Use the above equation to get p1’ and p2’
Compare p1’ and p1, p2’ and p2, to get the reprojection error we need in both cameras

Now we have a function which will give us reprojection error for a given M2 matrix. Now lets see how we’ll use this reporjection error to optimize our M2

Optimization of M2

Now that we have a function which will give us reprojection error for any given M2, lets minimize this error by moving around our 3D points slightly such that our reprojection error (for all points cumulative) reduces

We do this using the scipy.optimize.minimize function

# just some repackaging/preprocessing to give x to rodriguesResidual
x0 = P_init.flatten()
x0 = np.append(x0, r2_0.flatten())
x0 = np.append(x0, t2_0.flatten())

# optimization step
x_opt, _ = scipy.optimize.minimze(rodriguesResidual, x0, args=(K1, M1, p1, K2, p2))

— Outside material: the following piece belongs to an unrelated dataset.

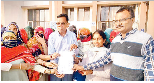
बरवाला। एसडीएम कार्यालय में ज्ञान सौंपते गांव मतलोदा के ग्रामीण।

पर भी जाकर अपनी पत्नी की मार पिटाई करते हैं और घर के बच्चे भी डरे हुए व सहमे सहमे रहते हैं। आक्रोशित ग्रामीणों ने प्रशासन से गांव मतलोदा में शराब का ठेका

Finally our x_opt i.e x_optimal will have the correct rotation and translation of camera 2 and the corrected 3D points

'''
Q5.3 Bundle adjustment.
    Input:  K1, the intrinsics of camera 1
            M1, the extrinsics of camera 1
            p1, the 2D coordinates of points in image 1
            K2,  the intrinsics of camera 2
            M2_init, the initial extrinsics of camera 1 (get this from findM2)
            p2, the 2D coordinates of points in image 2
            P_init, the initial 3D coordinates of points (get this also from findM2)
    Output: M2, the optimized extrinsics of camera 1
            P2, the optimized 3D coordinates of points
            o1, the starting objective function value with the initial input
            o2, the ending objective function value after bundle adjustment

    Hints:
    (1) Use the scipy.optimize.minimize function to minimize the objective function, rodriguesResidual. 
        You can try different (method='..') in scipy.optimize.minimize for best results. 
'''
def bundleAdjustment(K1, M1, p1, K2, M2_init, p2, P_init):
    
    # given M2_init decompose it into R and t
    R2 = M2_init[:,0:3]
    t2 = M2_init[:,3]
    r2 = invRodrigues(R2)

    x_start = P_init.flatten()
    x_start = np.append(x_start, np.append(r2.flatten(), t2))

    obj_start = rodriguesResidual(x_start, K1, M1, p1, K2, p2)
    print("x_start shape is", x_start.shape)

    # optimization step
    from scipy.optimize import minimize
    x_optimized_obj = minimize(residual_norm, x_start, args=(K1, M1, p1, K2, p2), method='Powell')
    print("x_end shape is", x_optimized_obj.x.shape)
    x_optimized = x_optimized_obj.x

    obj_end = rodriguesResidual(x_optimized, K1, M1, p1, K2, p2)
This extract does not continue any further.